Clark will be joined by students who will perform poetry, prose and music during the coffeehouse performance.
Clark was raised in Nashville, Tennessee and southern California. She studied Africana and Women’s studies at Tennessee State University and earned her MFA from Vanderbilt University. She is the author of the chapbook “Equilibrium” (Bull City Press, 2016), which was chosen by Afaa Michael Weaver for the Frost Place Chapbook Competition, and the full-length poetry collection “I Can’t Talk About the Tree Without the Blood” (University of Pittsburgh Press, 2018), which won the Agnes Lynch Starrett Prize. Her poetry and prose have appeared widely in magazines and journals such as the New Yorker, Poetry Magazine, Kenyon Review, New England Review and Best New Poets 2015.
The 2017-2018 Jay C. and Ruth Halls Poetry Fellow at the Wisconsin Institute of Creative Writing, Clark’s other honors and awards include a Pushcart Prize, the Rattle Poetry Prize, and the Furious Flower’s Gwendolyn Brooks Centennial Poetry Prize.
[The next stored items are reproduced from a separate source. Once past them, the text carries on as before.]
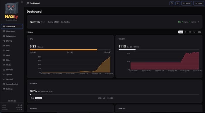 Дополнительно можно отметить выпуск проекта NASty 0.0.3, развивающего дистрибутив для создания сетевых хранилищ (NAS) на основе типового оборудования. Дистрибутив построен на пакетной базе NixOS, использует файловую систему Bcachefs и поддерживает предоставление доступа к файлам через NFS и SMB, а также экспорт блочных устройств через iSCSI и NVMe-oF. Управление осуществляется через web-интерфейс. Размер установочного iso-образа 1.9 ГБ. Наработки проекта распространяются под лицензией GPLv3. Web-интерфейс написан на TypeScript с задействованием фреймворка SvelteKit. Движок для управления хранилищем и системой написан на языке Rust.
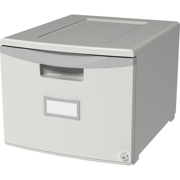 Functional and lightweight, this filing drawer is the perfect storage solution for those in need of professional filing. The durable polypropylene construction allows this drawer to be stackable up to six units high for space-saving organization. Built-in label holder offers a convenient way to quickly identify your stored contents. Lockable drawers prevent unauthorized access to keep your files and documents safely contained. Plus, its durable design resists scratches, moisture and rust for long-lasting organization. 18" filing drawer is designed to hold letter-size or legal-size hanging file folders (sold separately).
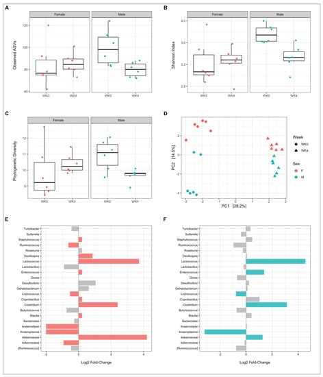Measures of alpha-diversity, including the number of observed amplicon sequence variants (ASVs) (100 ± 16 vs. 80 ± 7, p = 0.02), Shannon diversity (3.8 ± 0.2 vs. 3.3 ± 0.2, p = 0.004), and phylogenetic diversity (10.9 ± 1.0 vs. 9.7 ± 0.4, p = 0.03) were decreased in male mice at Week 4 when compared to Week 0 (Figure 6A–C). No statistically significant differences were observed for the change in alpha-diversity from Week 0 to Week 4 in female mice (Supplementary Table S1). The difference in the change in alpha-diversity for female versus male mice at Week 4 versus Week 0 was an increase in observed ASVs of 19.8 ± 8.2 (interaction p = 0.03), an increase in Shannon diversity of 0.4 ± 0.1 (interaction p = 0.01), and an increase in phylogenetic diversity of 1.3 ± 0.6 (interaction p = 0.04), which were due to corresponding decreases in males (Supplementary Table S1).
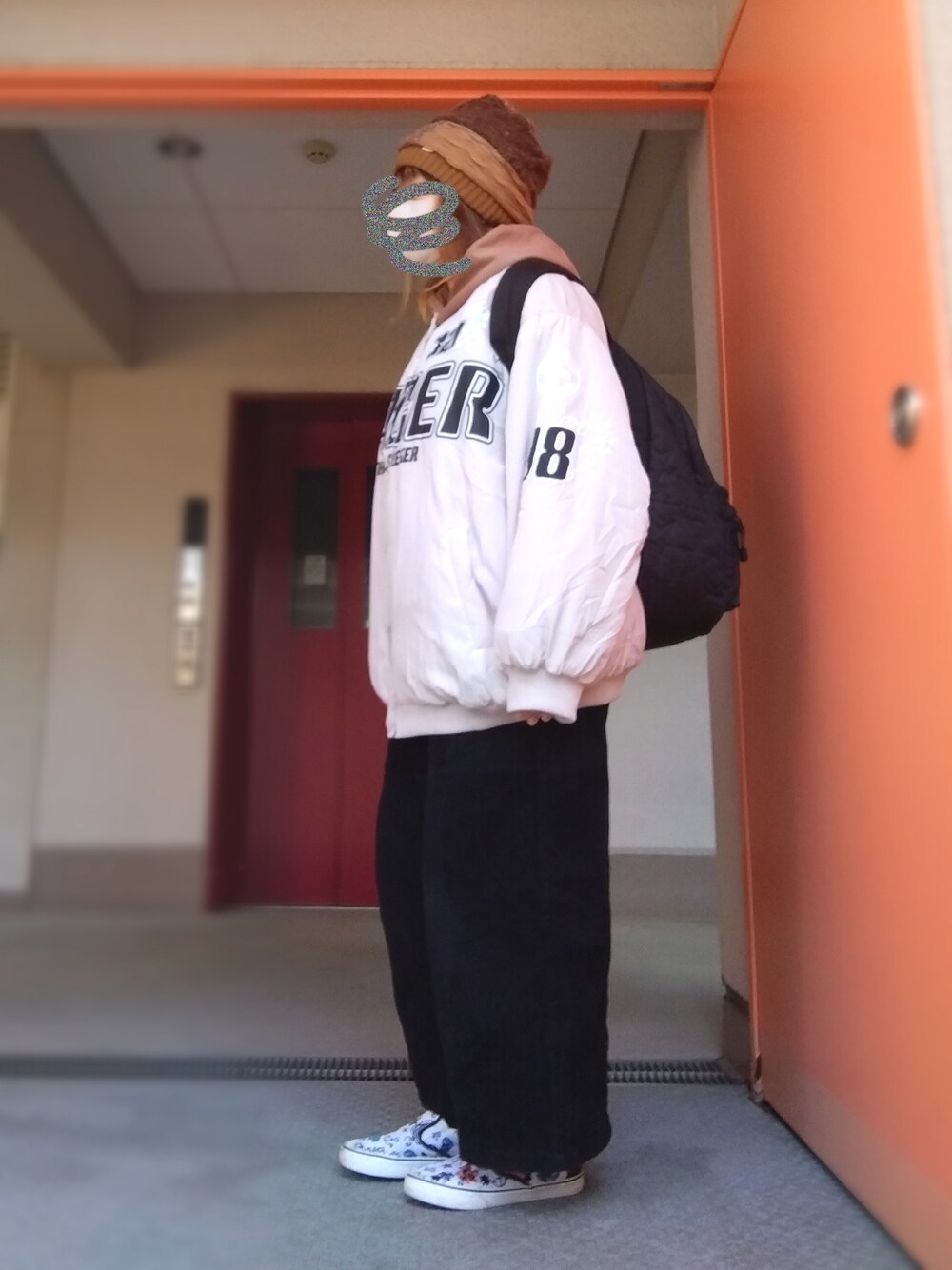 ぴよりあのニットキャップ/ビーニー「パッチワークターバンキャップ」を使ったコーディネート

She has held scholarships and fellowships from the Bread Loaf Writers’ Conference, the Sewanee Writers’ Conference and the Kenyon Review Writers’ Workshop. She teaches creative writing at Southern Illinois University, Edwardsville.
The S.A. Yoder Lecture Series, begun in 1972, honors Dr. Samuel A. Yoder, a professor at Goshen College from 1930 to 1935 and again from 1946 until his death in 1970.